Ilustraciones de Eduardo Arroyo.

Prólogo de Carlos G. Reigosa.

El escritor londinense Gilbert K. Chesterton sostenía que toda gran obra literaria es siempre alegórica, al menos respecto de una determinada visión del mundo. Así, la Ilíada sería grandiosa aunque sólo fuese porque la vida de todos es una batalla; la Odisea, porque la vida de todos es un viaje, y el libro de Job, porque la vida de todos es un enigma. El erudito belga Paul de Man lo argumentó y ratificó desde la perspectiva académica –la alegoría y la ironía son inseparables e irreductibles- y entronizó el poder de la memoria como una forma de pensar el futuro en la que se entrelazan ficción y autobiografía.

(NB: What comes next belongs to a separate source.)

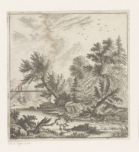 Johann Caspar Ulinger created this print, "Man met een hond wandelend langs een bosrand", using etching, a process dependent on the corrosive action of acid on metal. The dense hatching of lines, a testament to the engraver’s careful labor, builds up the image. This technique allows for a range of tones, from the lightest sky to the dark undergrowth, providing a sense of depth and atmosphere to the landscape. Look closely, and you’ll notice how Ulinger varies the spacing and direction of these lines to describe form and texture. The social significance of this work lies in its depiction of nature as a leisurely pursuit. The man and his dog suggest an elite class who have the privilege of enjoying the countryside. Consider the time and skill involved in creating this print, a sharp contrast to the relative ease of modern mechanical reproduction. Ultimately, this work reminds us that every image carries with it the weight of the materials, the making, and the social context from which it emerged.

He elegido empezar con esta referencia porque creo que nos sitúa de inmediato en el mismísimo meollo de la cuestión. La obra a la que preceden estas líneas participa de esa estirpe alegórica y se nutre esencialmente de la memoria del autor y de su capacidad para crear a partir de ella, pero también -y muy perceptiblemente- de su vigor narrativo, que se manifiesta en la predominancia de un esteticismo (a veces irónico) de honda raigambre galaica y, a la vez, universal. Los ecos de Valle-Inclán, de Cunqueiro o de Fole se acompasan en estos cuentos con otros que bien pudieran atribuirse a Isaak Bábel, Rudyard Kipling o Ernest Hemingway. A la postre, el autor de Las nubes pueden ser gemelas, José Manuel Otero Lastres, nos cuenta unas historias en apariencia diversas que nos conciernen en lo esencial, porque la vida de todos nosotros se mueve también por esos impulsos que emanan del recuerdo. Unos impulsos y unos recuerdos que se transfiguran literariamente, como sucede en esta obra.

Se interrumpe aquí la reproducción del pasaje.